**Source data**.
*** Block opens ***
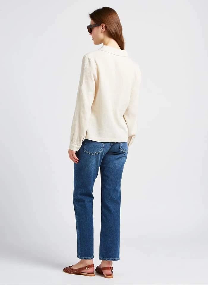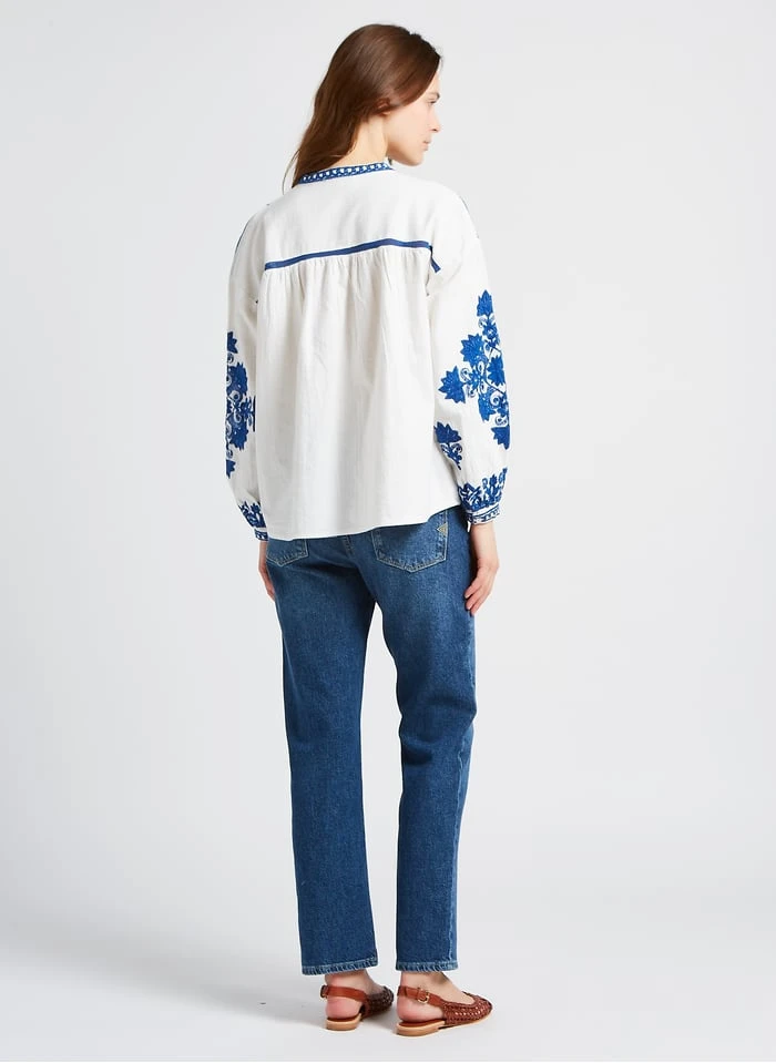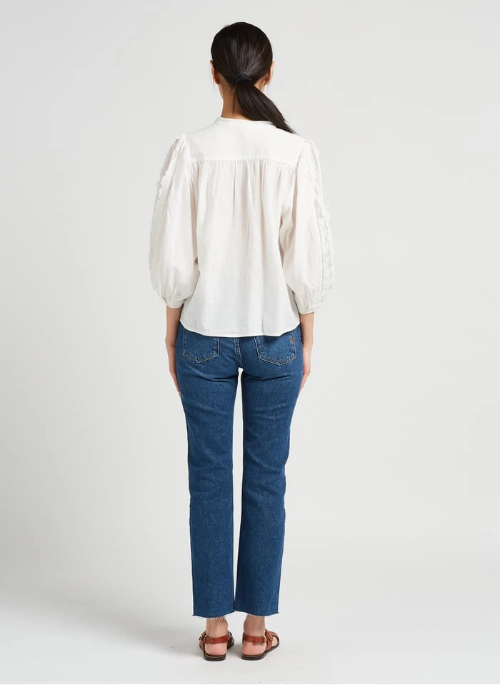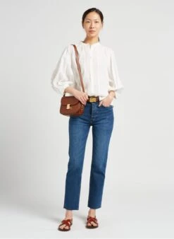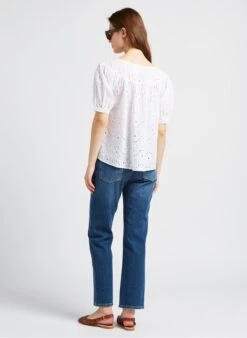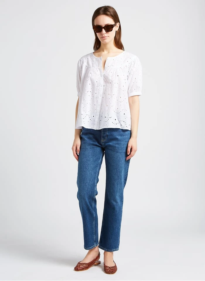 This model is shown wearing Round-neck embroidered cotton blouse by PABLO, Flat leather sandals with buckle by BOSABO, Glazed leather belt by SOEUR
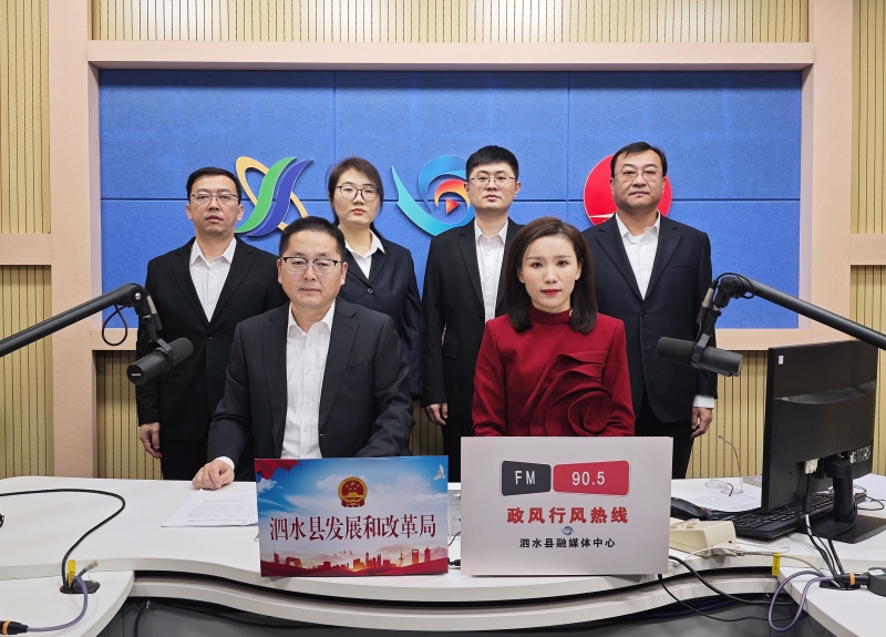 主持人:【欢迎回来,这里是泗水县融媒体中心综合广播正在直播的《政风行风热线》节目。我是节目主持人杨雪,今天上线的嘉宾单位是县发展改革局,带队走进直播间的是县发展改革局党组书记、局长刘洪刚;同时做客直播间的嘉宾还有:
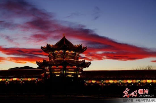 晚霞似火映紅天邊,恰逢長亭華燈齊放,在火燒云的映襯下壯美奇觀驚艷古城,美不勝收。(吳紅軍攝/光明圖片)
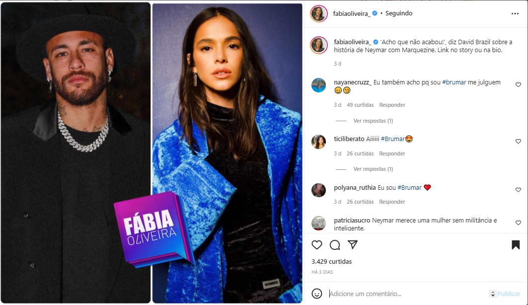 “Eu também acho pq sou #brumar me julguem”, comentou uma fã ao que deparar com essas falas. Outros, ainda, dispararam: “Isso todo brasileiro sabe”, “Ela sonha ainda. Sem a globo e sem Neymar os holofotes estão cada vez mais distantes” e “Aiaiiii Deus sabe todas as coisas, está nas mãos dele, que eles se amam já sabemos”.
*** Block closes ***
**Exercise requirements**. Only one thing is wanted here, an exact copy of the lines from the first line above through the line containing "晚霞似火映紅天邊,恰逢長亭華", minus any picture.

**Output of the task**.
 This model is shown wearing Round-neck embroidered cotton blouse by PABLO, Flat leather sandals with buckle by BOSABO, Glazed leather belt by SOEUR
 主持人:【欢迎回来,这里是泗水县融媒体中心综合广播正在直播的《政风行风热线》节目。我是节目主持人杨雪,今天上线的嘉宾单位是县发展改革局,带队走进直播间的是县发展改革局党组书记、局长刘洪刚;同时做客直播间的嘉宾还有:
 晚霞似火映紅天邊,恰逢長亭華燈齊放,在火燒云的映襯下壯美奇觀驚艷古城,美不勝收。(吳紅軍攝/光明圖片)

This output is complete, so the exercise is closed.